Assignment
Below are records; from the line containing "instance这个变量在g" through the very last line, output each line exactly. No pictures.

Data records

###

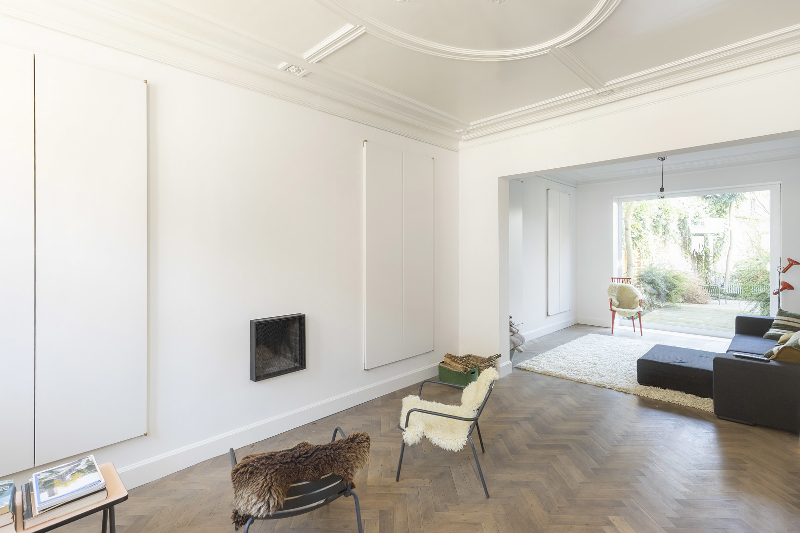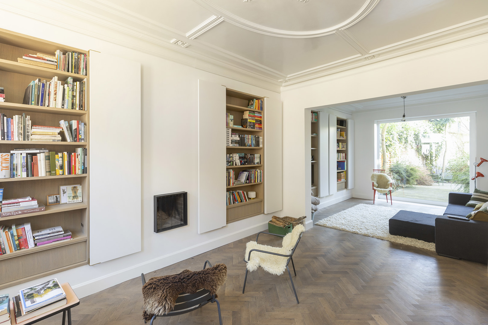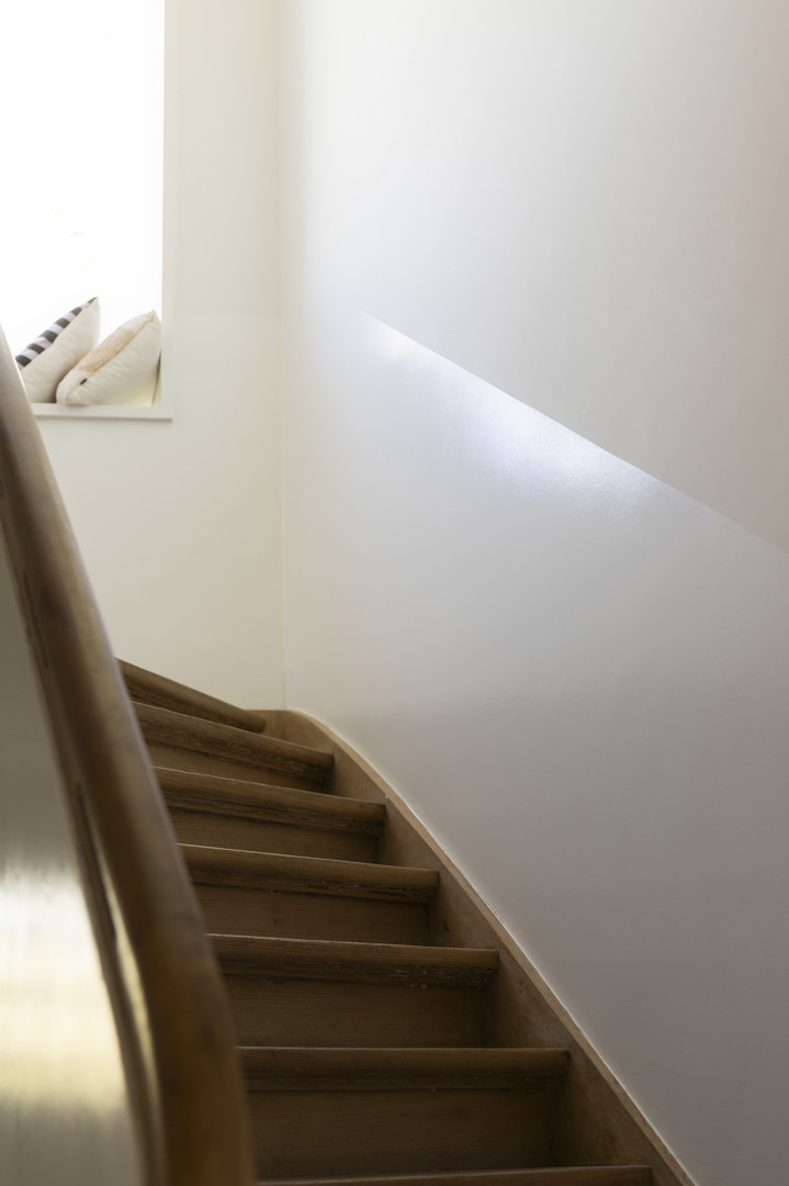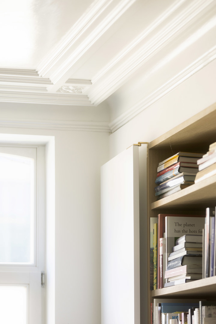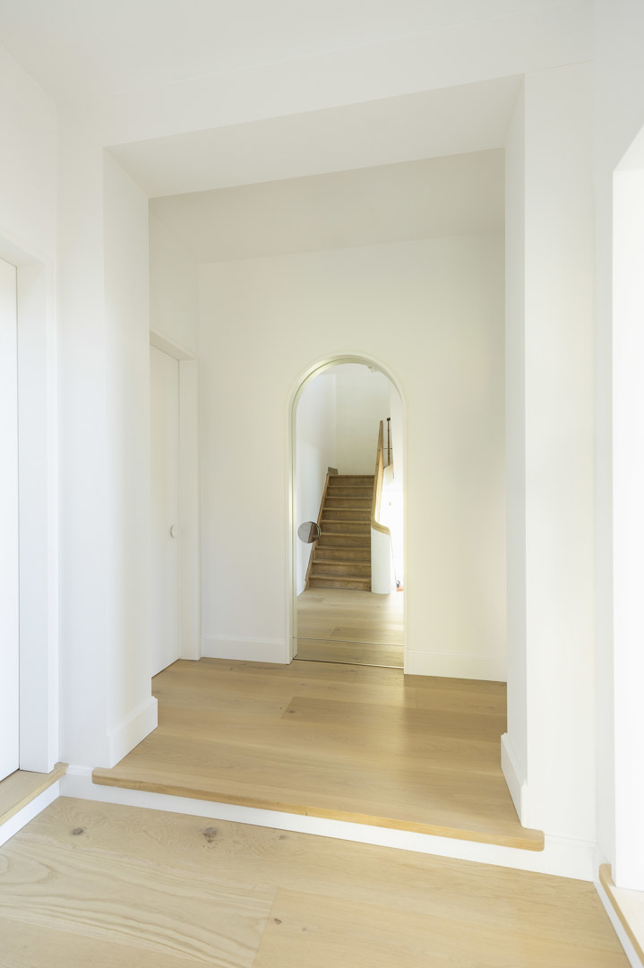 Het bestaande wordt versterkt en opgewaardeerd, met respect voor het verleden en een heldere sprong naar vandaag. Op +1 bleek de draagkracht historisch te licht, terwijl het plafond met zijn verfijnde moulures absoluut behouden moest blijven. De oplossing: een slimme ingreep waarbij de vloerstructuur met bijkomende balken wordt omgevormd tot een stijve plaat. De aansluiting op de bestaande trap vormde een extra uitdaging, beantwoord met een even eenvoudige als sterke zet: een royaal bordes dat naadloos aantakt, terwijl de aangrenzende ruimtes één trede hoger aansluiten. Het subtiele niveauverschil wordt klassiek verzacht met entreportes. Het resultaat voelt vanzelfsprekend — alsof het altijd zo geweest is..
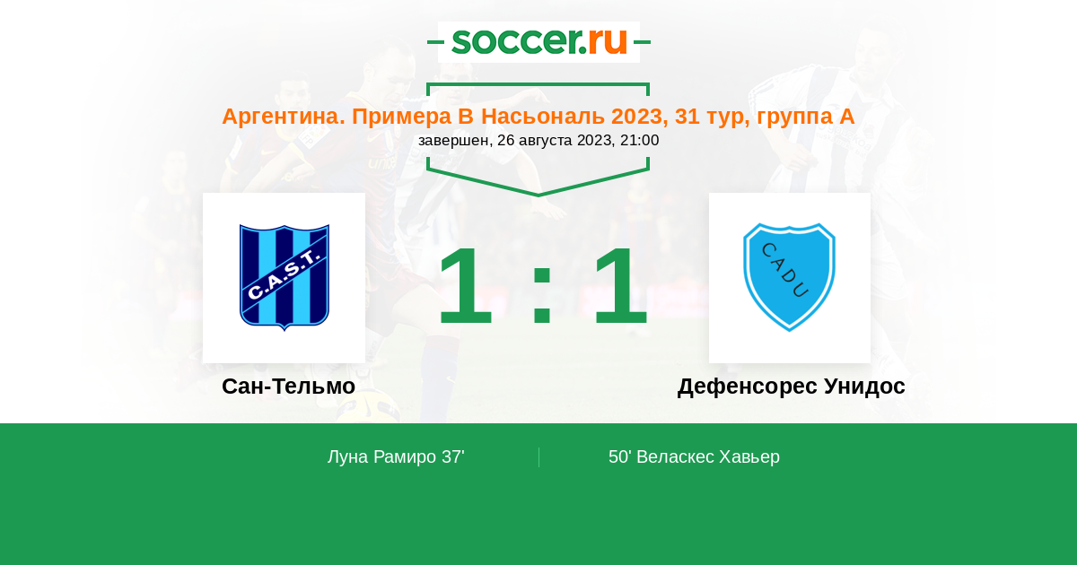 Протокол матча Сан-Тельмо против Дефенсорес Унидос
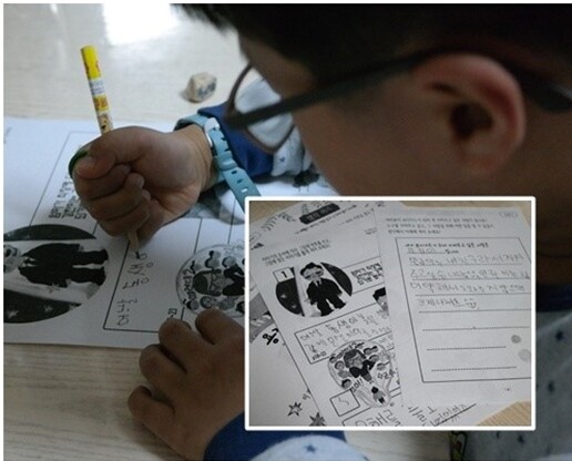 그런데 받아쓰기가 끝나자마자 쉬는시간없이 바로 다음시간 학습을 하구요
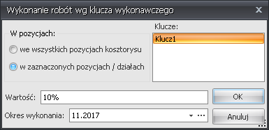 Wykonanie wg klucza wykonawczego powoduje dodanie rozliczenia wykonanych robót dla wybranych kluczy wykonawczych. Rozliczenie można wstawić dla zaznaczonych lub wszystkich pozycji w wybranym okresie rozrachunkowym.
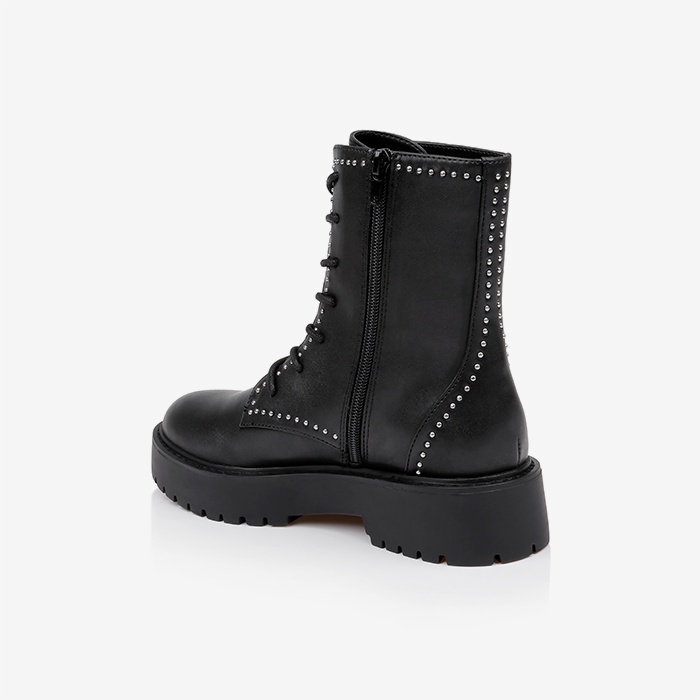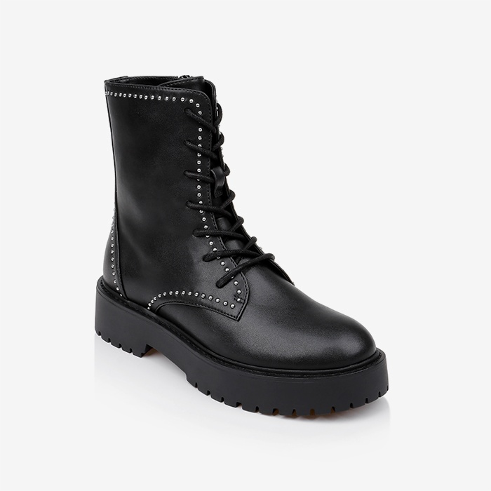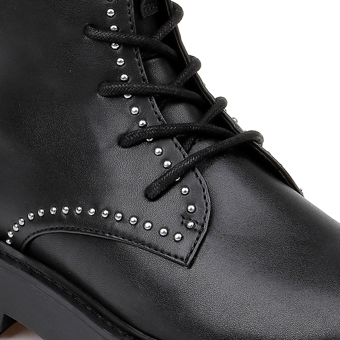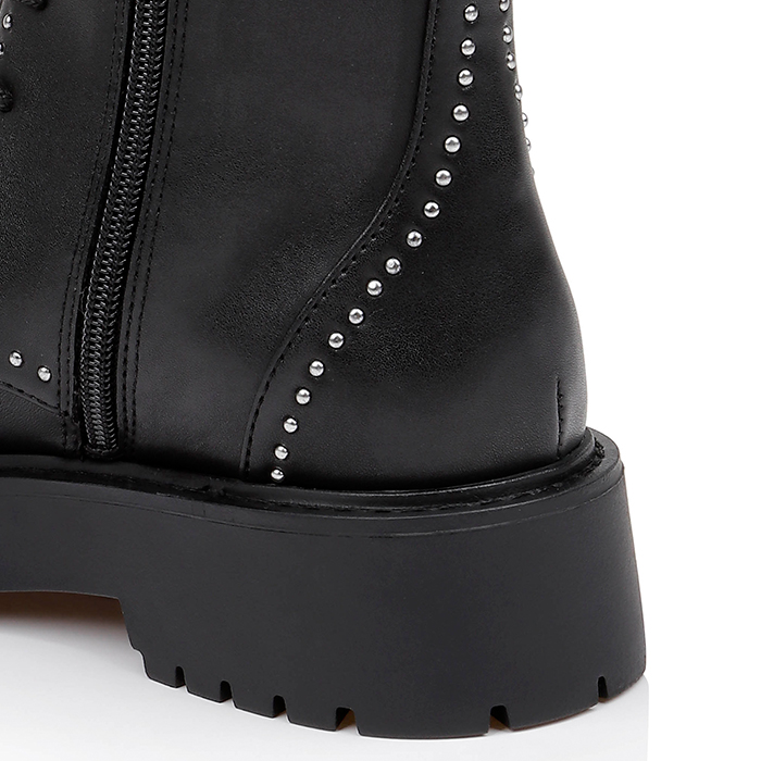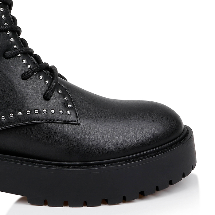 Edgy synthetic leather boots featuring distinctive metal stud detailing across the upper for contemporary punk-inspired aesthetics. The streamlined silhouette combines urban attitude with versatile wearability.
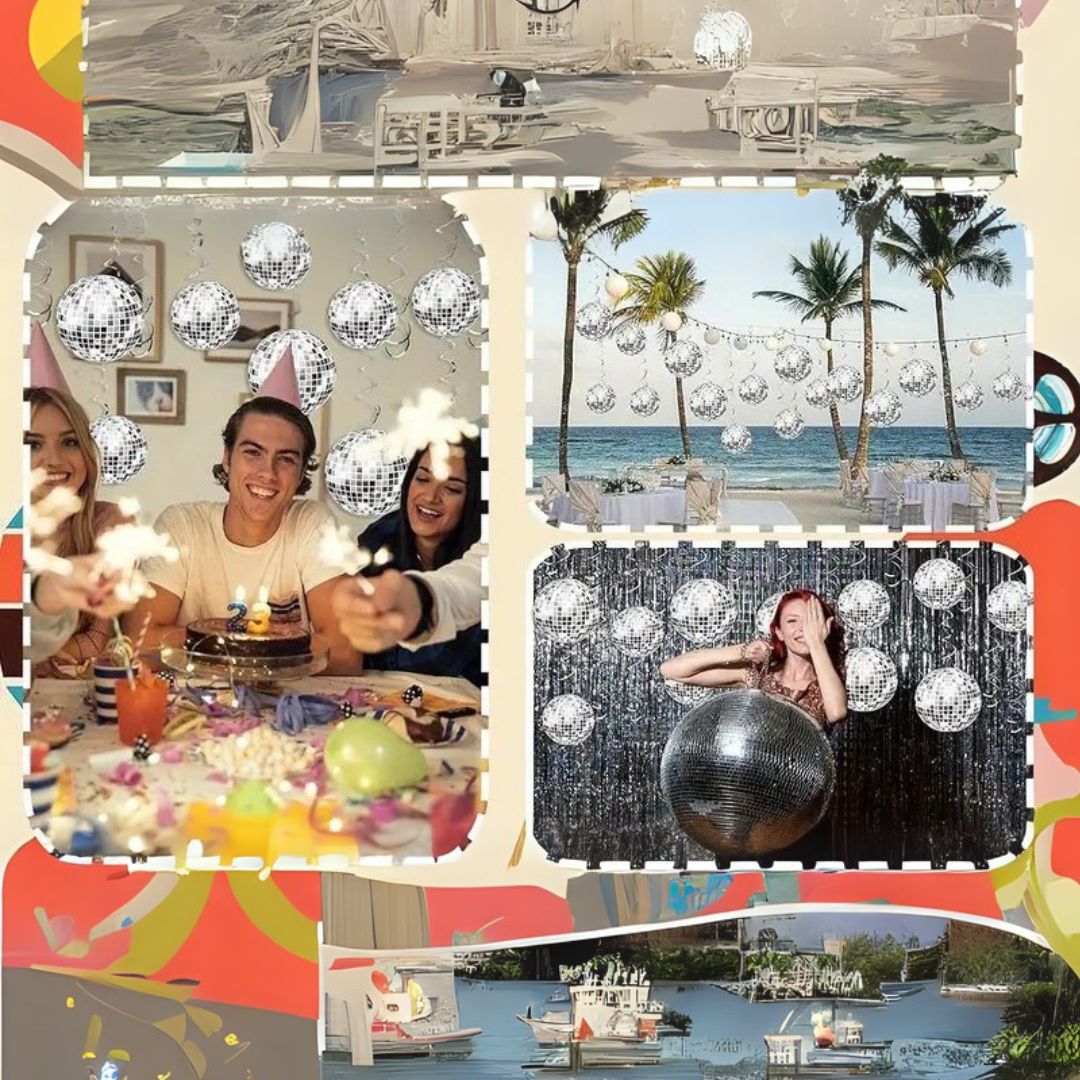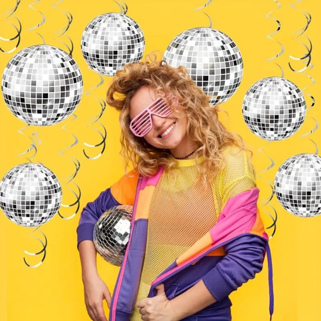 Glamorous Retro Vibe: Perfectly capture the glitz and groove of the '70s and '80s with shimmering disco ball swirl decorations that add instant retro charm to Bollywood, Hollywood, or classic disco-themed parties.
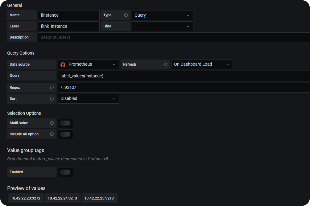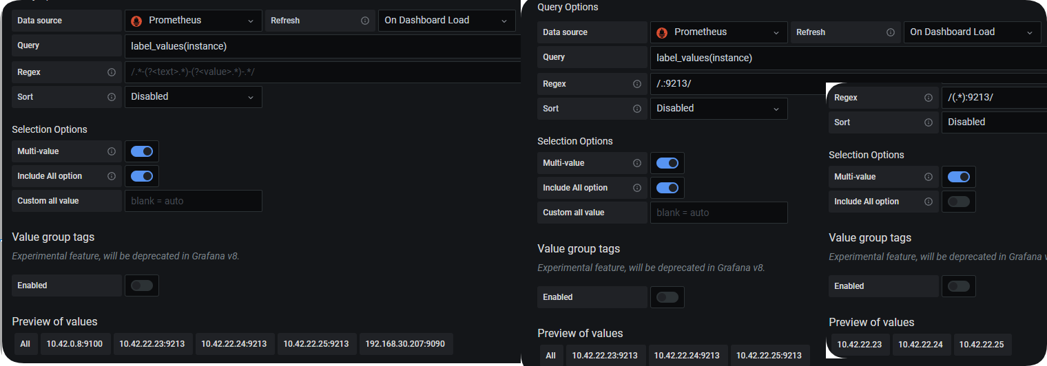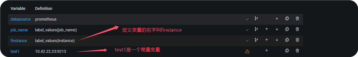instance这个变量在grafana中定义后不生效,需要定义一个另外名称的变量名称.此处不生效是因为grafana内部已经用了这个instance做了内置变量
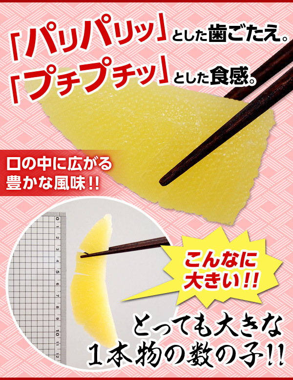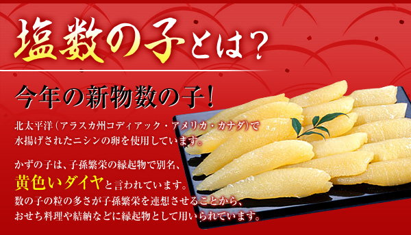 数の子の粒の多さが子孫繁栄を連想させることから、おせち料理や結納などに縁起物として用いられています。
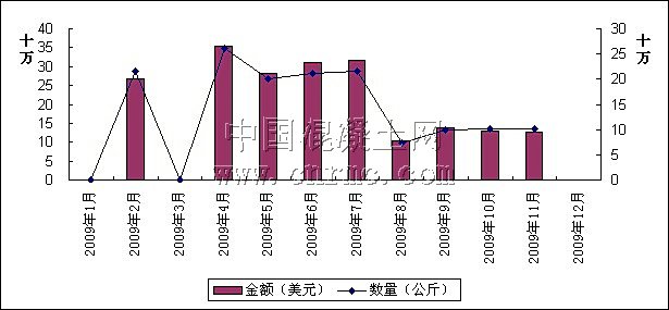 09年11份湖石化進口聚醚投入金額為127.6萬美元,本月較上月環比減少了2.52個百分點;08年11份湖石化進口聚醚投入金額為218.4萬美元,較去年同比減少了41.57%。
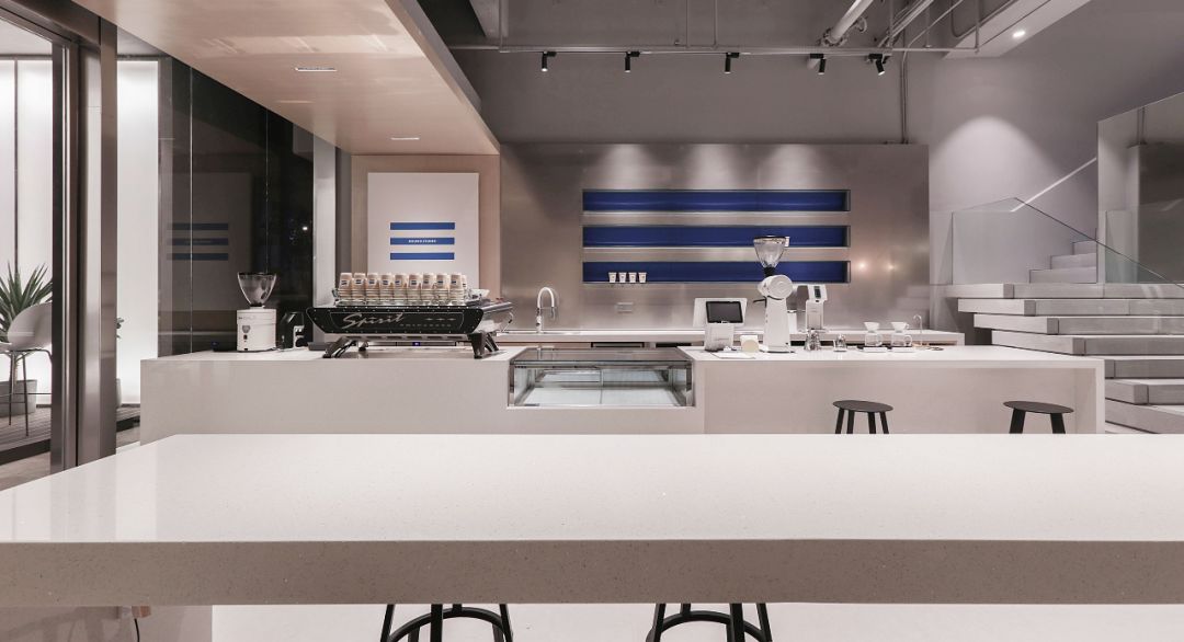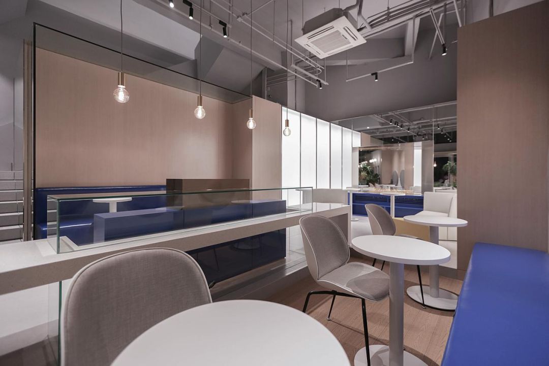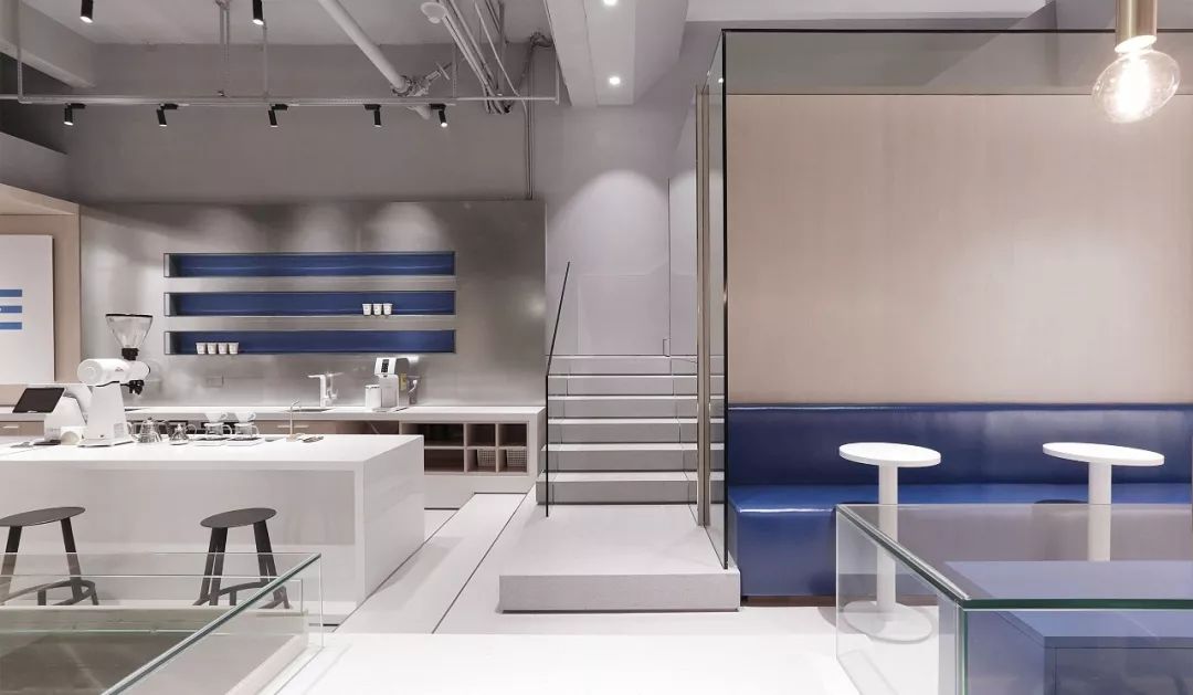 由于自身的店铺的特性,店面被两条巨大的柱子使店面的形象展示受到阻挡。渝恩概念将这一限制转化为契机,将现有的柱子作包裹后使其演变为一副大面积的透光幕墙,使店铺从街道旁凸显出来。为了最大程度地展现ROUDN SUTDIO的品牌意识,整个室内空间以素色为主调对“园外咖啡(ROUDN SUTDIO)”的标识蓝的意识强调。整体室内空间以灰调将贯穿,蓝色点缀则以跳跃的方式存在。

###

Your solution
instance这个变量在grafana中定义后不生效,需要定义一个另外名称的变量名称.此处不生效是因为grafana内部已经用了这个instance做了内置变量
 数の子の粒の多さが子孫繁栄を連想させることから、おせち料理や結納などに縁起物として用いられています。
 09年11份湖石化進口聚醚投入金額為127.6萬美元,本月較上月環比減少了2.52個百分點;08年11份湖石化進口聚醚投入金額為218.4萬美元,較去年同比減少了41.57%。
 由于自身的店铺的特性,店面被两条巨大的柱子使店面的形象展示受到阻挡。渝恩概念将这一限制转化为契机,将现有的柱子作包裹后使其演变为一副大面积的透光幕墙,使店铺从街道旁凸显出来。为了最大程度地展现ROUDN SUTDIO的品牌意识,整个室内空间以素色为主调对“园外咖啡(ROUDN SUTDIO)”的标识蓝的意识强调。整体室内空间以灰调将贯穿,蓝色点缀则以跳跃的方式存在。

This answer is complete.